EXERCISE AIM
Return all of the data verbatim, dropping any picture.

COLLECTED DATA
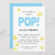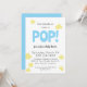 Este convite de chá de fraldas personalizado para um menino apresenta um tema de pipoca giro. Cartoons bonitos de pipoca soam os lados e o fundo do convite. A palavra "POP" é impressa em cor azul-bebê macia para aqueles que esperam um menino. A parte de trás é azul correspondente.
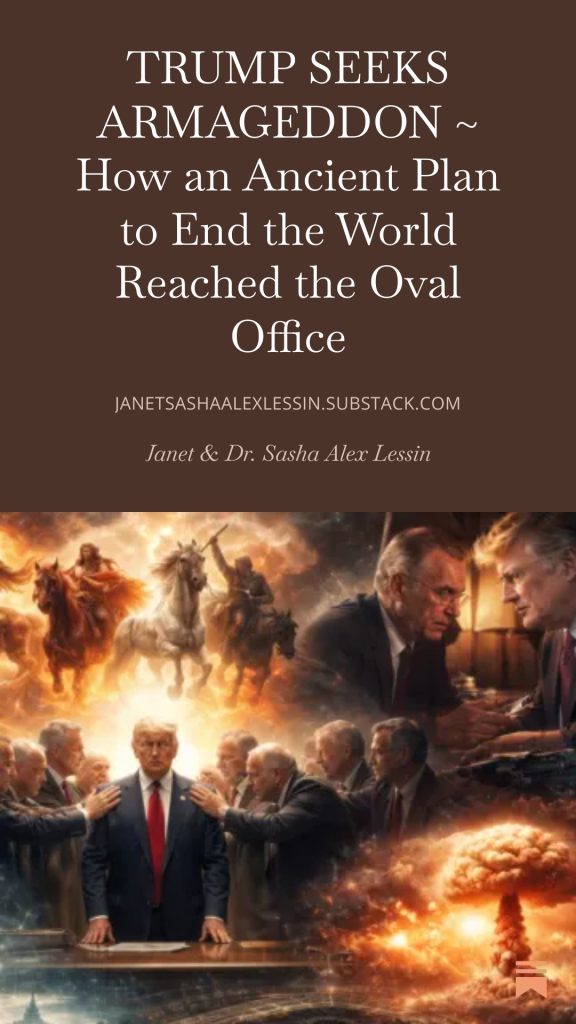 In the new article “Trump Seeks Armageddon,” authors Janet Kira Lessin and Sasha Alex Lessin, Ph.D., trace the unexpected path of end-times prophecy from a 1970 bestseller to the highest levels of US military planning. The piece analyzes the convergence of influential theological frameworks, secret political organizations like ‘The Family,’ and the ‘situational immorality’ Roy Cohn taught Donald Trump. It raises profound questions about the divine right of kingship in 2026.
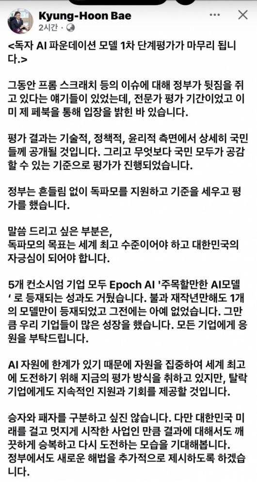 배경훈 과학기술정보통신부 장관 겸 부총리가 SNS(소셜미디어)에 독자 AI(인공지능) 파운데이션 모델 1차 단계평가를 앞두고 "깨끗하게 승복해달라"고 당부했다.
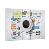 Impression sur verre - Image sur verre - Une tasse de café sur fond de diagrammes et de dessins conceptuels - 100x70cm - Il est temps de faire une pause - Décoration murale moderne pour le salon et la chambre ARTTOR

PROBLEM SOLUTION
 Este convite de chá de fraldas personalizado para um menino apresenta um tema de pipoca giro. Cartoons bonitos de pipoca soam os lados e o fundo do convite. A palavra "POP" é impressa em cor azul-bebê macia para aqueles que esperam um menino. A parte de trás é azul correspondente.
 In the new article “Trump Seeks Armageddon,” authors Janet Kira Lessin and Sasha Alex Lessin, Ph.D., trace the unexpected path of end-times prophecy from a 1970 bestseller to the highest levels of US military planning. The piece analyzes the convergence of influential theological frameworks, secret political organizations like ‘The Family,’ and the ‘situational immorality’ Roy Cohn taught Donald Trump. It raises profound questions about the divine right of kingship in 2026.
 배경훈 과학기술정보통신부 장관 겸 부총리가 SNS(소셜미디어)에 독자 AI(인공지능) 파운데이션 모델 1차 단계평가를 앞두고 "깨끗하게 승복해달라"고 당부했다.
 Impression sur verre - Image sur verre - Une tasse de café sur fond de diagrammes et de dessins conceptuels - 100x70cm - Il est temps de faire une pause - Décoration murale moderne pour le salon et la chambre ARTTOR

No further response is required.